Occupancy recorded an uptick of 1.3 percentage points month over month to 7.3 percent, which resulted in a 17.9 percent month-over-month increase in RevPAR. These results are still far from the numbers recorded in May of the previous year, but they are the first signs of recovery in the region. The closure of most ancillary revenue streams fueled the 5.4 percent month-over-month decline in TRevPAR, which equals a 94.2 percent year over year slump.
Labor costs accompanied the hike in occupancy, recording a 1.2 percent month over month expansion, while overhead costs dropped 0.9 percent month over month. Profit conversion in May was recorded at -166.1 percent of total revenue, down 11.1 percentage points from April and off from 37.8 percent in the same month of the previous year.
Similarly to Europe, Asia-Pacific—the region first hit by the virus—appears to have bottomed out and is now on the rebound, painting a picture of what other regions may expect going forward.
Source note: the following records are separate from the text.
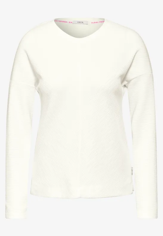 Dit ottomanshirt van CECIL voor dames heeft een trechtervormige hals en een stijlvol tunnelkoord met een bedrukte band. De lange mouwen en de materiaalmix met stretch zorgen voor een hoog draagcomfort. Ideaal voor een modieuze, casual outfit.
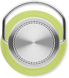 Drinking bottle in RPET which is BPA free and stainless steel cap with lid handle. Leak free. Capacity: 600 ml.
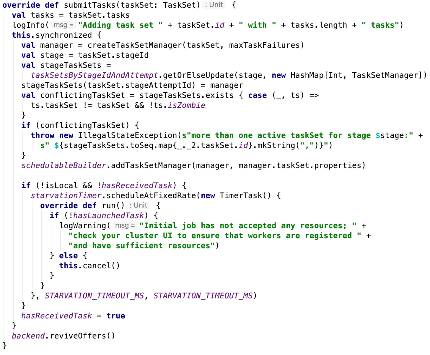 TaskScheduler的具体实现类为TaskSchedulerImpl,其中有一个方法为submitTasks非常重要,该方法源码如下所示:
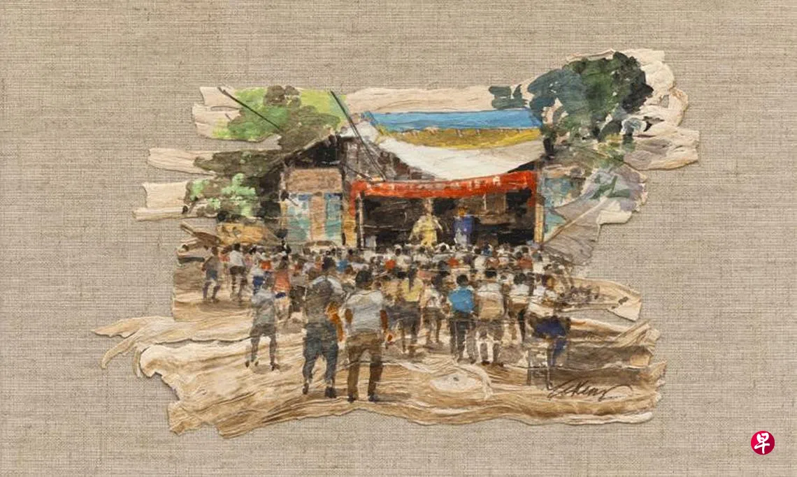 王金成说,桑皮纸的好处是怀旧的样子,令他联想到早期埃及的文字画在亚麻树皮上,与今天经过化学处理与机械制作的纸张大不同。他在皱巴巴的桑皮纸上回溯20世纪50及60年代在拉丁马士甘榜生活的记忆片段——学校、杂货店、道路,一幅幅像穴洞画残片。“这些是从记忆画出来的,但这些记忆并不连续,会中断、遗忘,仅有片段,不完整的,”他说。
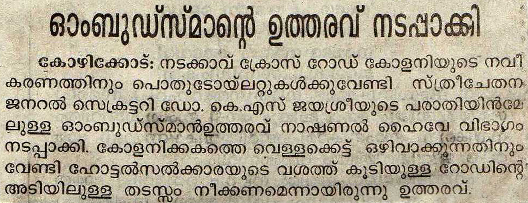 ഓംബുഡ്സ്മാന്റെ ഉത്തരവ് നടപ്പാക്കി
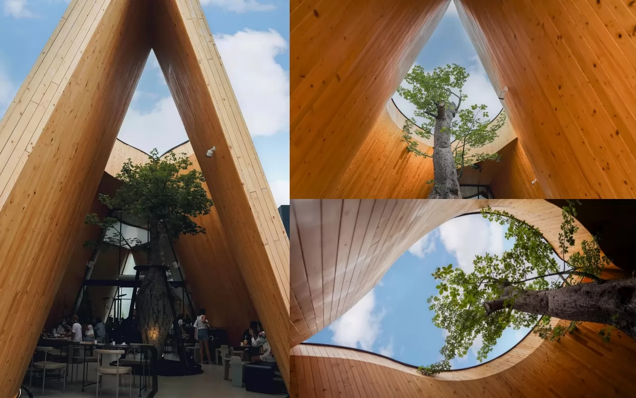 咖啡店的空間以3個簡練黝黑的山形空間組成,大型猴麵包樹(baobab)彷彿突破屋頂的屹立庭園。
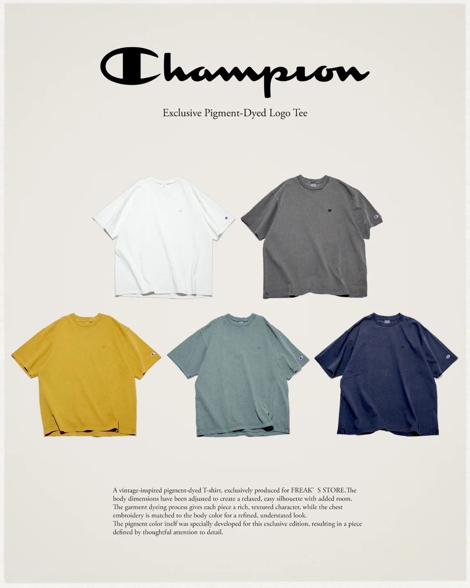 チャンピオン x フリークスストア 2026年春夏 ピグメント加工を施したヴィンテージライクなTシャツが登場。
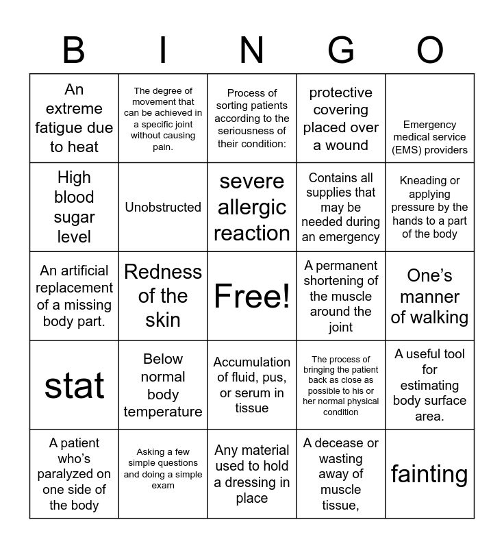 This bingo card has a free space and 24 words: Below normal body temperature, Asking a few simple questions and doing a simple exam, severe allergic reaction, A patient who’s paralyzed on one side of the body, Emergency medical service (EMS) providers, An extreme fatigue due to heat, High blood sugar level, The degree of movement that can be achieved in a specific joint without causing pain., A permanent shortening of the muscle around the joint, Accumulation of fluid, pus, or serum in tissue, Contains all supplies that may be needed during an emergency, An artificial replacement of a missing body part., The process of bringing the patient back as close as possible to his or her normal physical condition, A useful tool for estimating body surface area., Unobstructed, A decease or wasting away of muscle tissue,, One’s manner of walking, Process of sorting patients according to the seriousness of their condition:, Kneading or applying pressure by the hands to a part of the body, Redness of the skin, fainting, stat, protective covering placed over a wound and Any material used to hold a dressing in place.
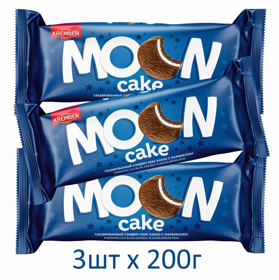 MOON CAKE 3шт х 200г Глазированный сэндвич-кекс какао с маршмеллоу KREMBER (Узбекистан) интересное:
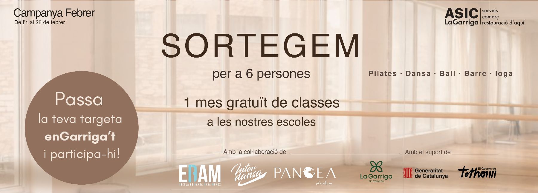 Aquest mes de febrer sortegem per a 6 persones un mes gratuït a les nostres escoles de dansa, pilates, ioga, ball i barre. Per participar només has de passar la Targeta Urbana als nostres establiments adherits!
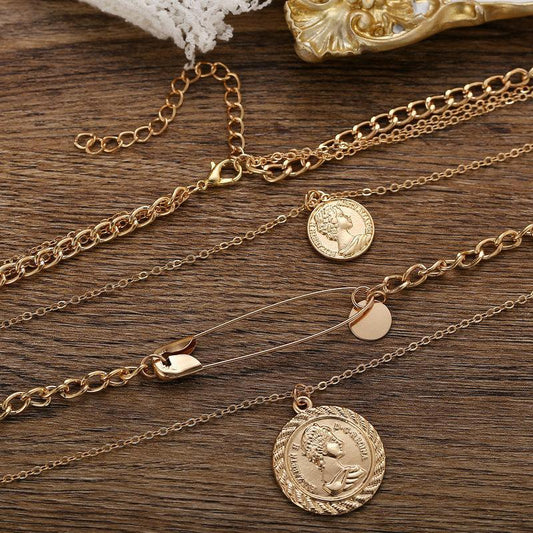 3 Piece Coin and Pin 18K Gold Plated Necklace in 18K Gold Plated
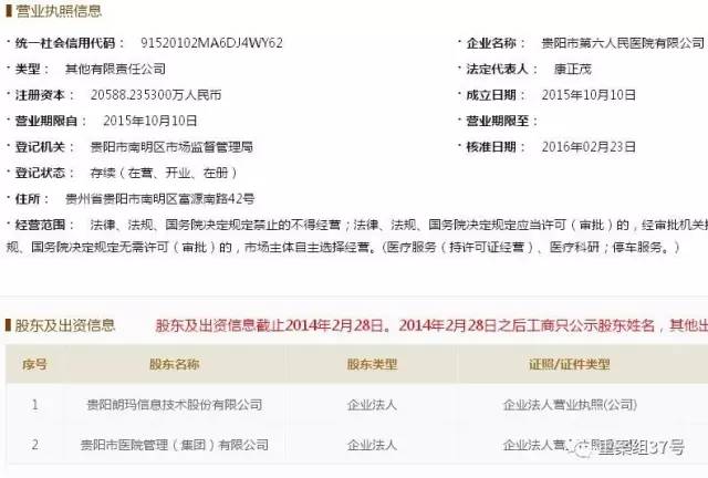2015年11月,上市公司朗玛信息曾发布公告,拟增资1.41亿元,获得贵阳六院66%股权。记者注意到,在工商信息中,朗玛信息与贵阳六院的多位高管名字相同。
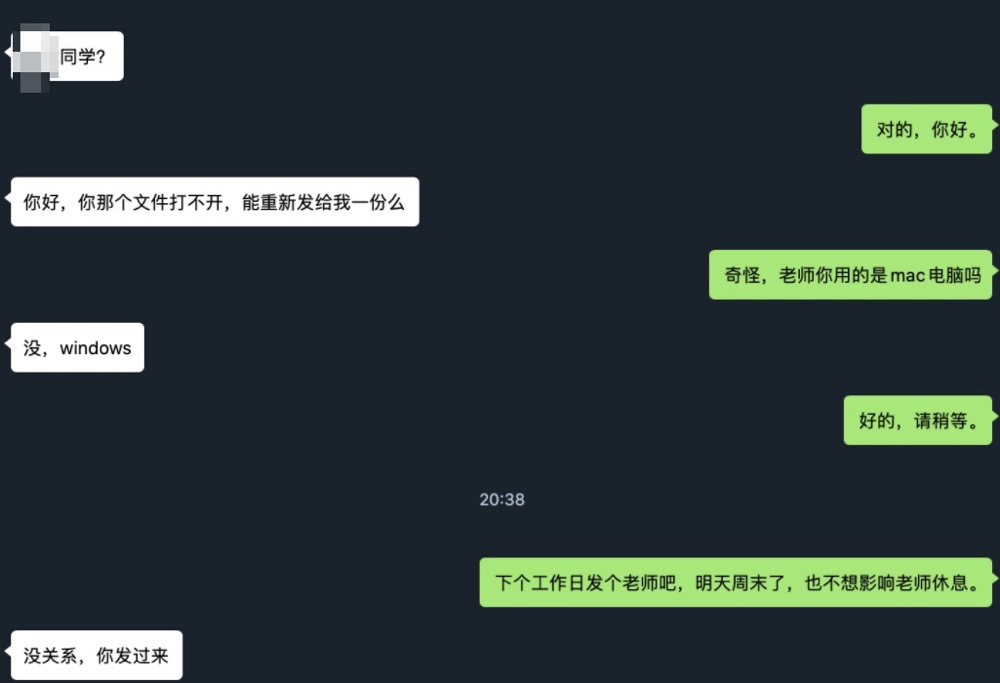 下⾯的图⽚展示了当与受害者“交流沟通”⼀段时间后,已经完全“掌控”了对⽅,甚⾄对⽅在周末问我要简历时,为了防⽌客户机周末不间断的关机休眠,特地美名其⽈的说不想打扰到对⽅,等到⼯作⽇再投递相关“⽊⻢”:
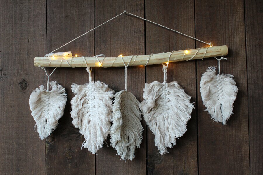 Bright garland with macramé feathers
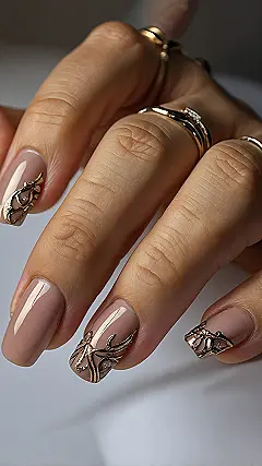Forget pumpkin spice lattes; these nails are the real autumn star! We’re talking about a serious glow-up for your fingertips, rocking a subtle nude base that’s basically the perfect canvas for all your fall fashion dreams. But wait, there’s more! Those intricate golden designs look like they were plucked straight from a treasure chest, giving off major “I’m fancy and I know it” vibes. They’re so shiny, you might need sunglasses to admire them properly, especially when they catch the sunlight reflecting off those beautiful changing leaves!
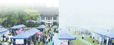 復(fù)旦大學(xué)開展生涯服務(wù)集市活動(dòng),促進(jìn)人才供需對接。岑丹峰攝
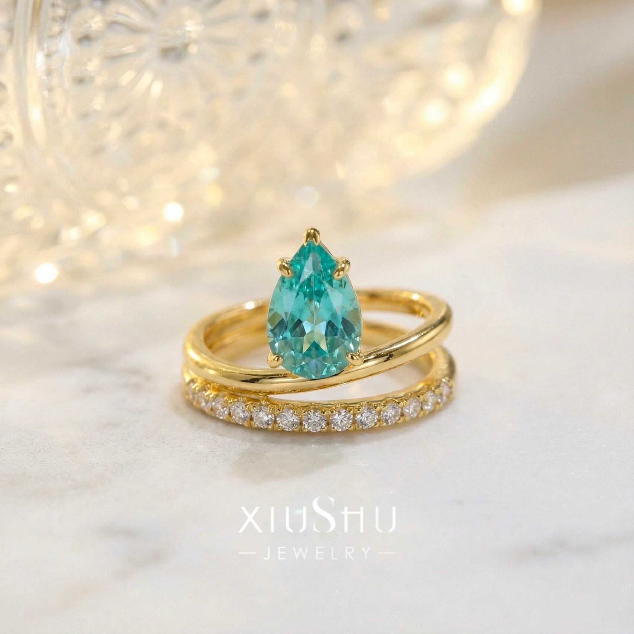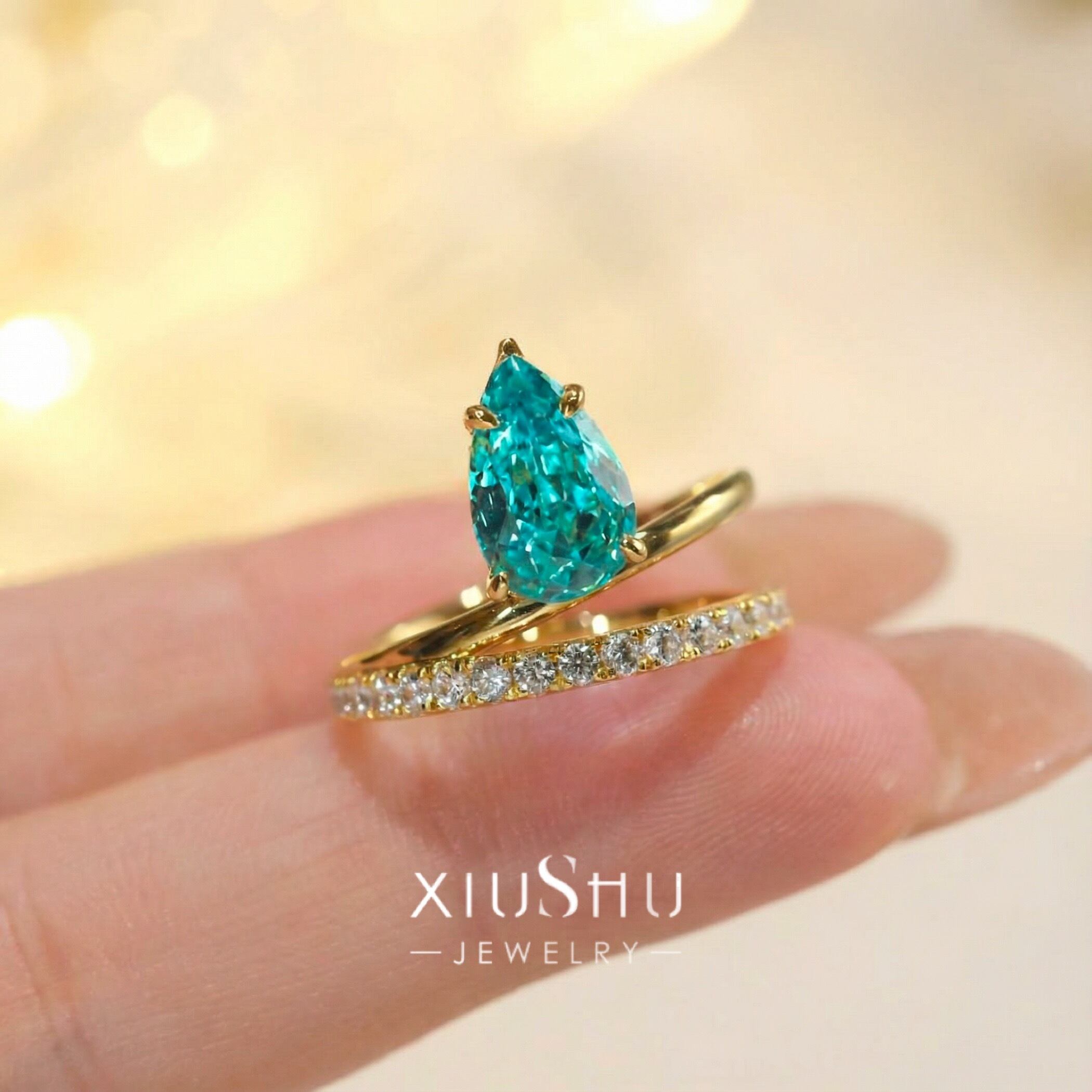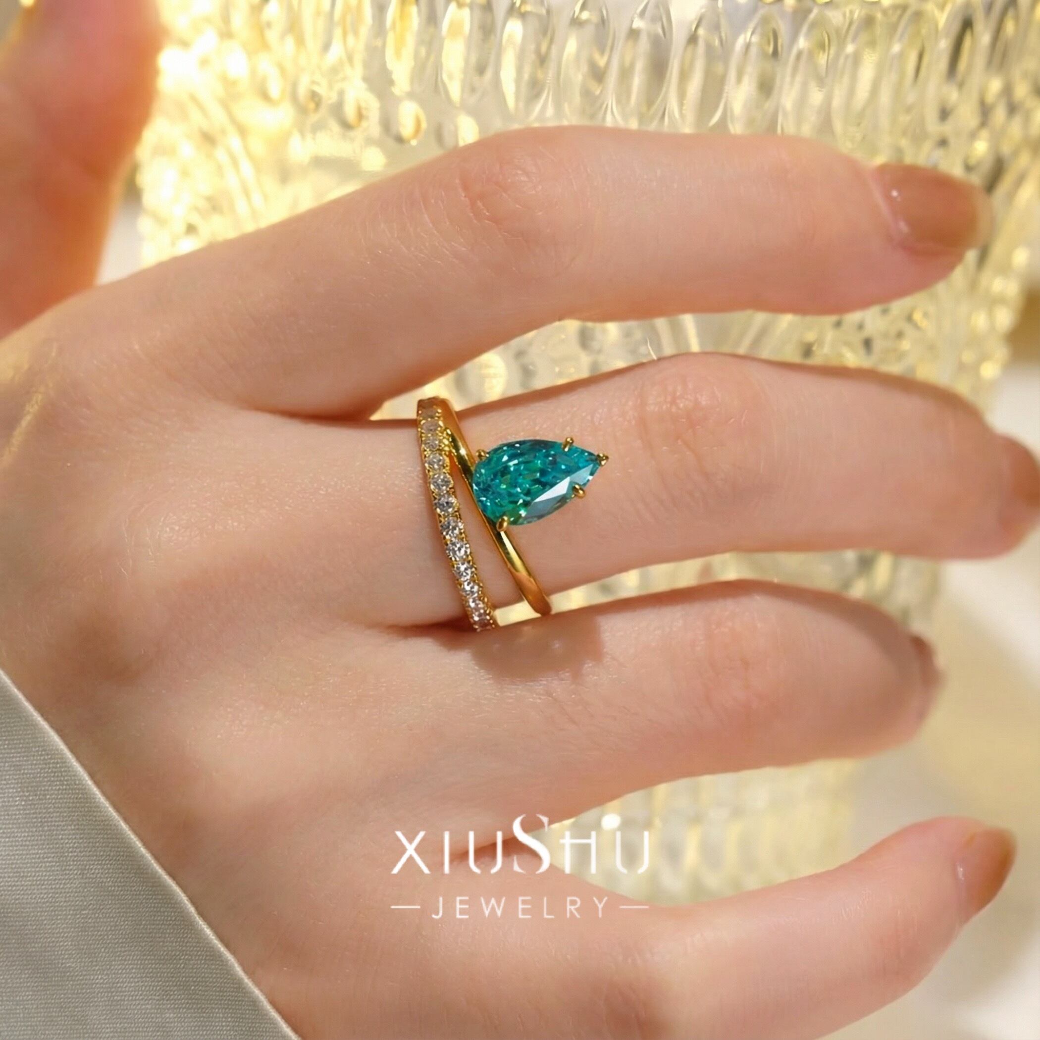 人工パライバトルマリン ペアシェイプ 高炭素ダイヤモンド キラキラ ゴージャス リング 指輪 ハイカーボンダイヤモンド レトロ S925 シルバー925 ブルー グリーン 緑 青 ゴールドメッキ ドロップ ダブルリング

In May, hotels across the region reported the first month-over-month upticks for both top-line and bottom-line metrics since December 2019. GOPPAR for the region took a 78.2 percent month over month jump, and at -$3.04 is making strides toward breaking even after turning negative in March.
Occupancy almost reached 30 percent in May, and at 26.6 percent was a 7.4-percentage-point increase compared to April. And even though this is still 43.6 percentage points below May 2019 numbers, it’s the first time since February that occupancy has placed above 25 percent in the region. This rise in volume drove the 39.5 percent month over month surge in RevPAR. Further contributing to the top-line, F&B revenue per available room was up by 89.8 percent month over month, resulting in a much needed 48.1 percent month over month expansion of TRevPAR.
Despite top-line growth, hoteliers in APAC were able to avoid cost creep and managed to reduce labor costs and overheads by 6.7 percent and 1.3 percent, respectively, on a month-over-month basis. As a result, profit conversion in May was recorded at -7.5 percent of total revenue, placing 43.4 percentage points above the previous month.
Middle East Momentum
May saw month-over-month jumps for the Middle East in both total revenue and profitability. RevPAR in the region dropped precipitously after February, and in May it hit $23.03, which, though 78.4 percent down from the same time a year ago, was up 5.9 percent over April, underpinned by a 5-percentage-point uptick in occupancy. Though occupancy was up during the month, average rate decreased 14.5 percent in May over April, a sign that hoteliers in the region are resigned to sacrifice rate in order to build back occupancy.
TRevPAR grew 10.5 percent in the month over the month previous, bolstered by food-and-beverage revenue, which saw a 25 percent month-over-month increase.
Expenses continued to fall, including labor and total overheads, down 50.6 percent and 50.5 percent year over year, respectively. Meanwhile, on a month-over-month basis, labor and overheads costs were relatively static, a sign of an industry balancing out amid a slow return to normalcy.
After breaking even in March, GOPPAR fell into negative territory in months thereafter. While May remained negative in dollar amount, it was 20 percent better than April. It’s still down 120.8 percent year over year.
News that Saudi Arabia will only allow around 1,000 pilgrims residing in the kingdom to perform the Hajj in July will be a huge blow to the Middle East’s overall numbers. Some 2.5 million pilgrims from around the world visit the cities of Mecca and Medina annually for the week-long ritual scheduled to begin in late July.
Profit margin was up 13 percentage points in May over April to -34.8 percent of total revenue.